UAR Staff Blog: A Stitch In Time
Head of Education and Outreach John Meredith takes a minute to look at how a failure to understand time can confuse the debate about animal research.
It is common enough to talk about the pros and cons of animal research in utilitarian or cost/benefit terms and from that point of view it seems to most of us that the research is justified, that the huge benefits to human beings from modern medicines and treatments vastly outweigh the costs to animals in discomfort or even suffering and, sometimes, pain.
But playing the numbers game can be misleading. Anybody who has debated with an animal rights or anti-vivisection group will have heard the argument that very often large numbers of animals are used in pursuit of medical benefits that only affect a small number of people, or only provide a marginal benefit such as small increase in expected survival time. At first sight this can seem like a reasonable point. Can it be right to ‘sacrifice’, let’s say, 1,000 mice to find a treatment that may only be of use to (for the sake of argument) half a dozen people a year? It seems disproportionate. But only if we forget the vastness of time.

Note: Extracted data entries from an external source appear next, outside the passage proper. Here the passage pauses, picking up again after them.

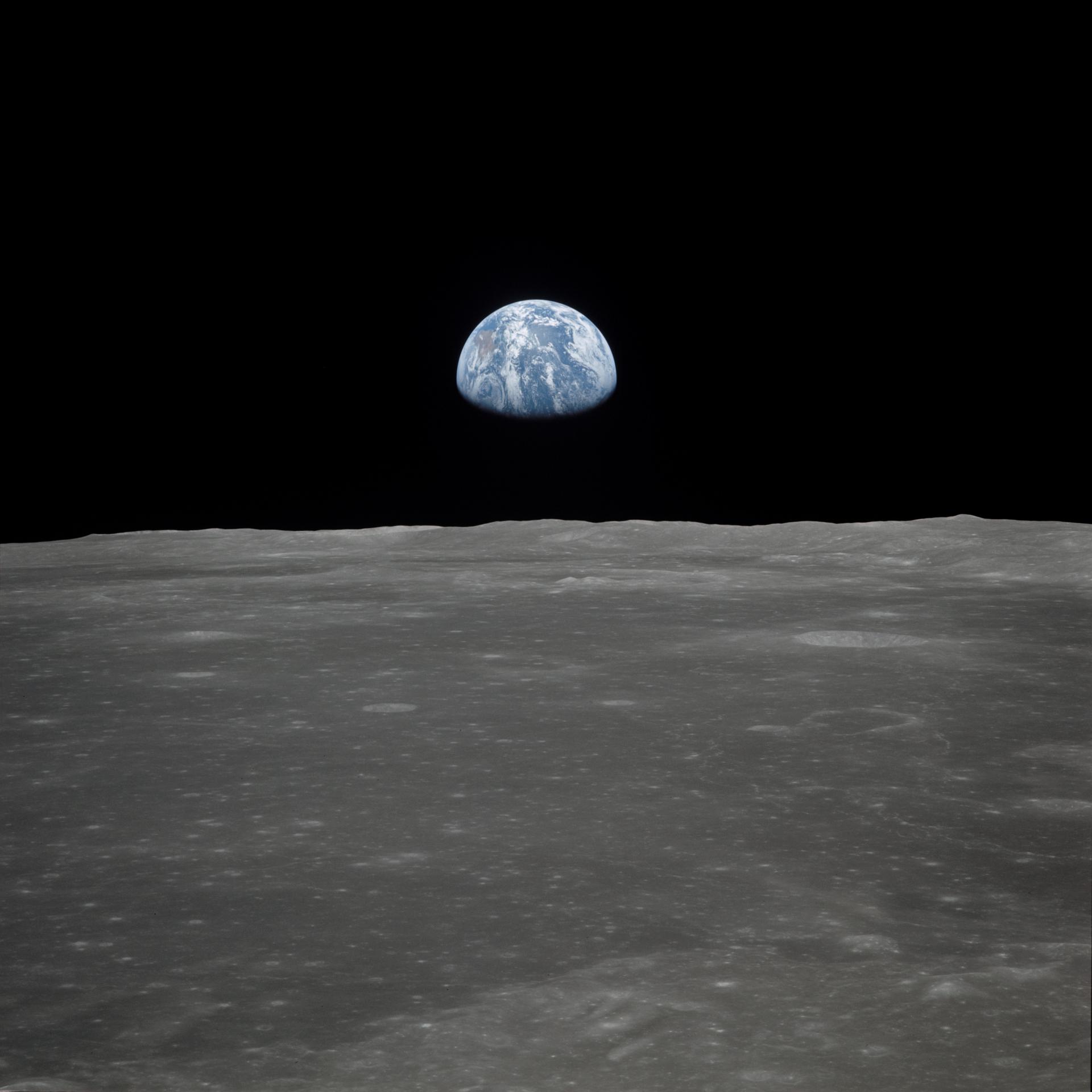 AS11-44-6552 (16-24 July 1969) --- This view of Earth rising over the moon's horizon was taken from the Apollo spacecraft. The lunar terrain pictured is in the area of Smyth's Sea on the nearside. Coordinates of the center of the terrain are 85 degrees east longitude and 3 degrees north latitude. While astronaut Neil A. Armstrong, commander; and Edwin E. Aldrin Jr., lunar module pilot, descended in the Lunar Module (LM) "Eagle" to explore the Sea of Tranquility region of the moon, astronaut Michael Collins remained with the Command and Service Modules (CSM) "Columbia" in lunar orbit.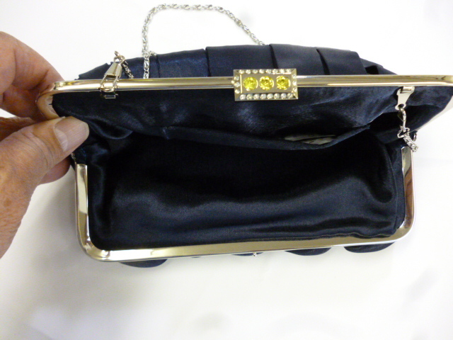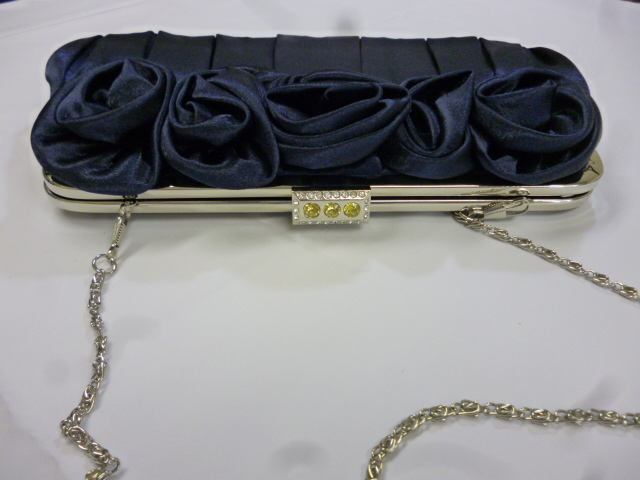★即決★クラッチバッグ・パーティー・結婚式・ローズの飾り・紺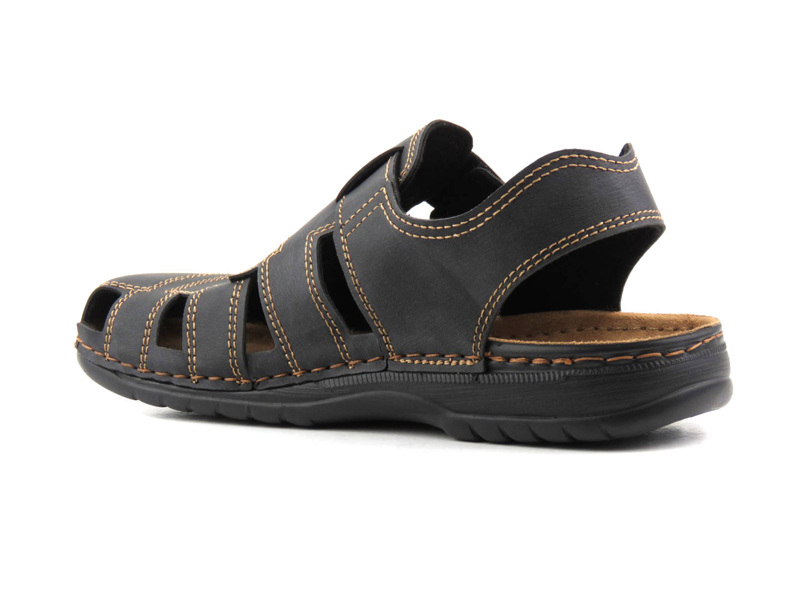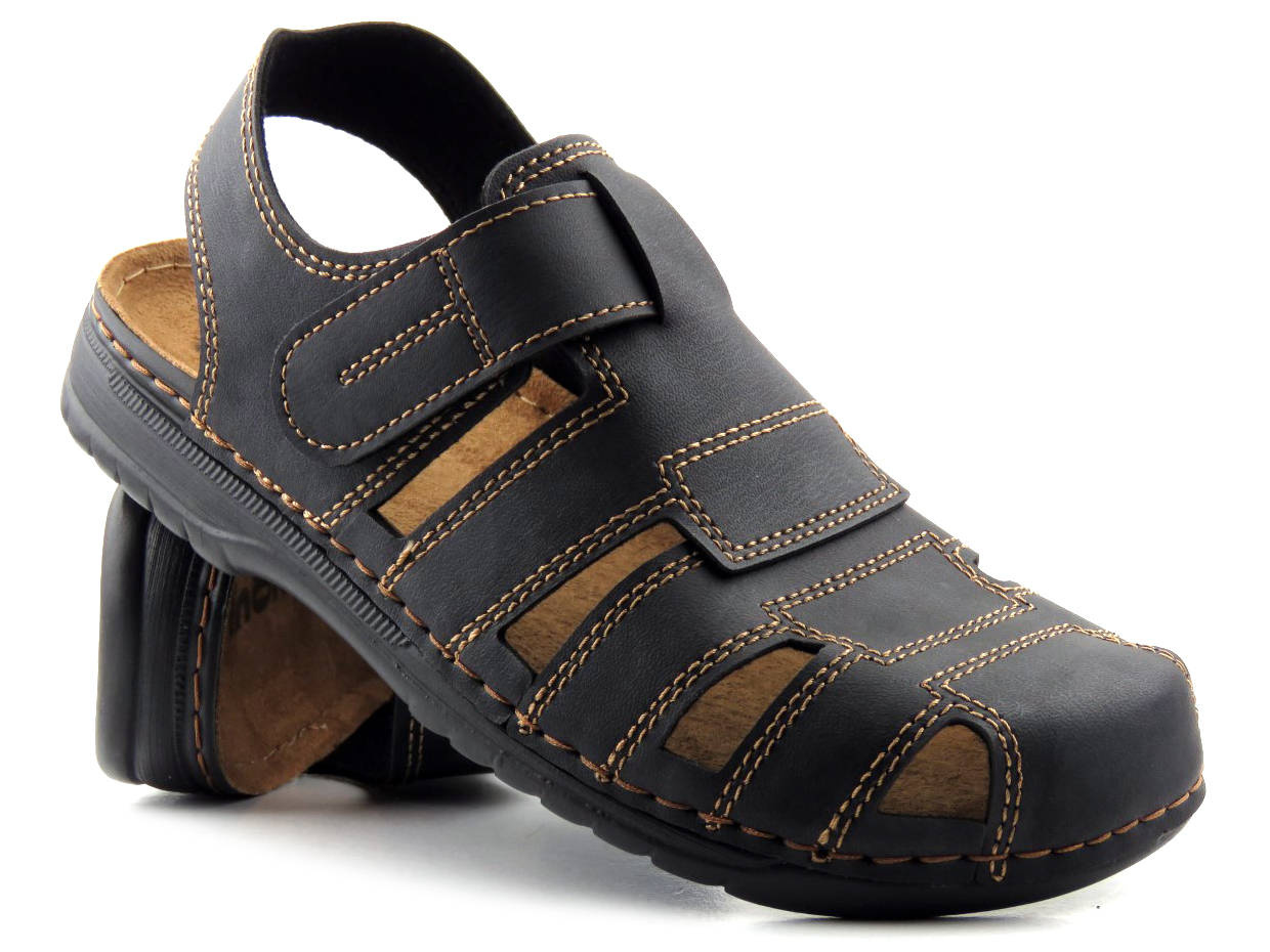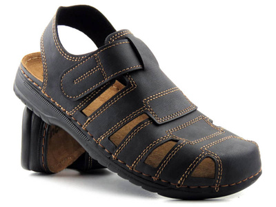 Pánské sandály Inblu jsou z vnější strany vyrobeny z černé ekologické kůže . Měkká podšívka je vyrobena z plstěného materiálu a stélka je vyrobena z pohodlné ekologické kůže. Zapínání na suchý zip umožňuje rychlé nasazení. Podrážka je lehká, pružná a dobře drží na zemi. Sandály zakrývají prsty u nohou, což poskytuje dodatečnou ochranu například v případě nárazu. Zajímavé prošívání dodává modelu charakter.

You see, human life on Earth, by most conservative estimates, is set to be around for at least another 500 million years or so. And we have to assume that medical science will be around for the same amount of time, saving and improving human lives. So our hypothetical six people a year, over the course of human history, add up to something like three billion people benefiting from a treatment developed with those 1,000 hypothetical mice. Seen in that light the cost/benefit analysis looks very different.
Even if we invent an extreme example and imagine a new treatment that would only increase a single person’s life span by a single day each year, we find, over the course of the 500 million years that we have left, more than 17,000 lifetimes saved (estimating a human life at about 80 years). Of course, no treatment with such a limited projected application would ever be approved for animal study, but really, from a strictly cost/benefit or utilitarian point of view it would be hard to argue against it.
All of this seems very much to the point as the death toll for Ebola, one of the world’s most famous rare diseases, tops 1,000 in west Africa without any confirmed effective treatment. Of course Ebola is nasty, whisper the voices from the wings: but really it is only 1,000 people in the worst outbreak for years, you are so much more likely to be run over by a car in Liberia than contract the virus. Can it be worth the lives of thousands, even tens of thousands, of mice and monkeys to find a cure? The answer is easy: Yes it can. If we remember to include all future Ebola victims in our calculations, it is obvious that it must.
So, once again, the arguments of the anti-animal-research lobby really don’t stack up when they are examined coolly, with heads rather than hearts.Time changes everything, even this. If we take it properly into account using animals for medical research provides more benefit, alleviates more suffering, saves more lives than any harm it causes by any measure we can think of. They say that time heals all wounds. It doesn’t. But, who knows, maybe one day science might, given the right tools and enough time.